* **What is needed**
Could you retype the entries below exactly, omitting every picture?

### Data for this task ###

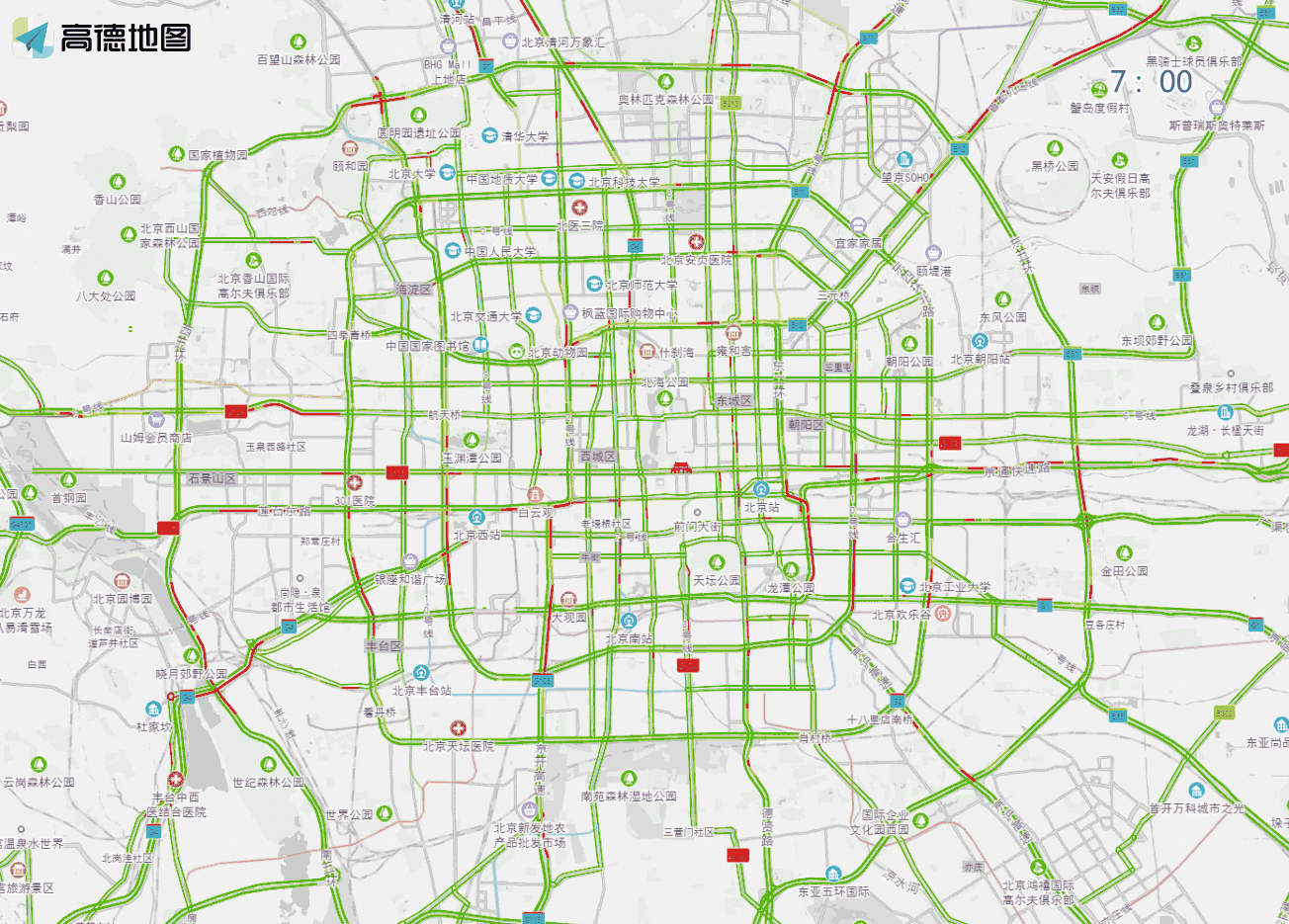 早高峰至上午,预计复兴医院、肿瘤医院、儿童医院、北医三院等医院门前及周边道路车流量较大,高峰时段为7至13时和下午部分时段。
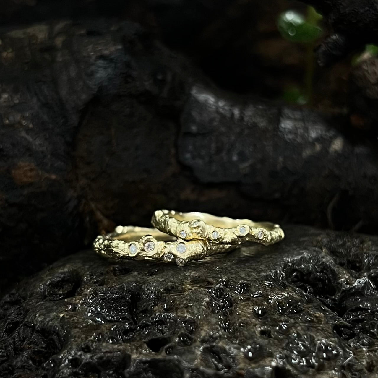Duality speaks to the balance of two forces: strength and delicacy, individuality and togetherness, nature and craft. Just like a marriage, these rings celebrate two lives that remain distinct yet are bound in harmony.
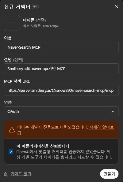 - Smithery.ai에서 확인한 "Connection URL"을 MCP 서버 URL 입력란에 입력한 후, ‘만들기(Create)’ 버튼을 클릭합니다.
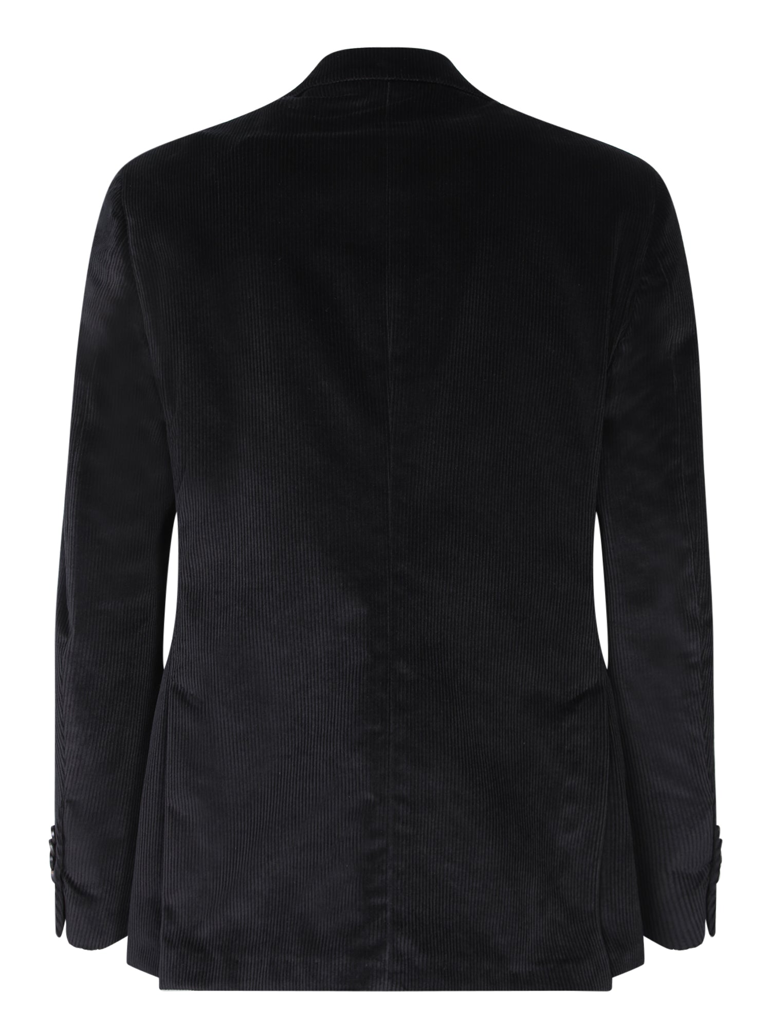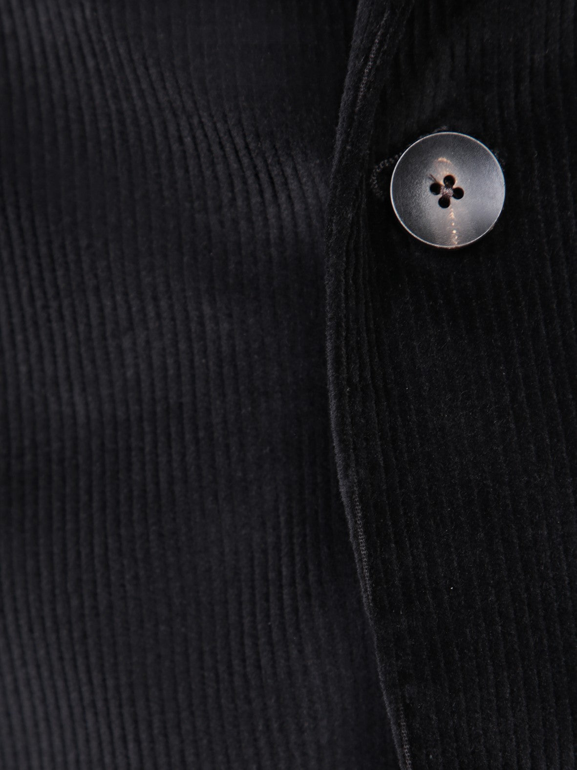 Single-breasted corduroy velvet jacket. Chest welt pocket, side flap pockets. Single button closure.
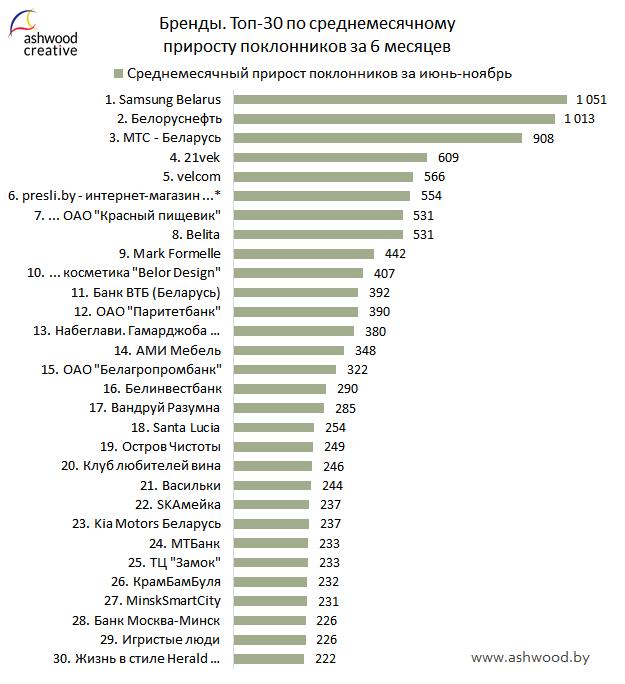 • В ноябре особая активность отмечалась на странице «presli.by - интернет-магазин модной одежды». Ей удалось стать лидером Топа приросту поклонников и войти в Топ по среднемесячному приросту за полугодие, расположившись в нем на 6 строчке.

###

* **Solved problem**
 早高峰至上午,预计复兴医院、肿瘤医院、儿童医院、北医三院等医院门前及周边道路车流量较大,高峰时段为7至13时和下午部分时段。
Duality speaks to the balance of two forces: strength and delicacy, individuality and togetherness, nature and craft. Just like a marriage, these rings celebrate two lives that remain distinct yet are bound in harmony.
 - Smithery.ai에서 확인한 "Connection URL"을 MCP 서버 URL 입력란에 입력한 후, ‘만들기(Create)’ 버튼을 클릭합니다.
 Single-breasted corduroy velvet jacket. Chest welt pocket, side flap pockets. Single button closure.
 • В ноябре особая активность отмечалась на странице «presli.by - интернет-магазин модной одежды». Ей удалось стать лидером Топа приросту поклонников и войти в Топ по среднемесячному приросту за полугодие, расположившись в нем на 6 строчке.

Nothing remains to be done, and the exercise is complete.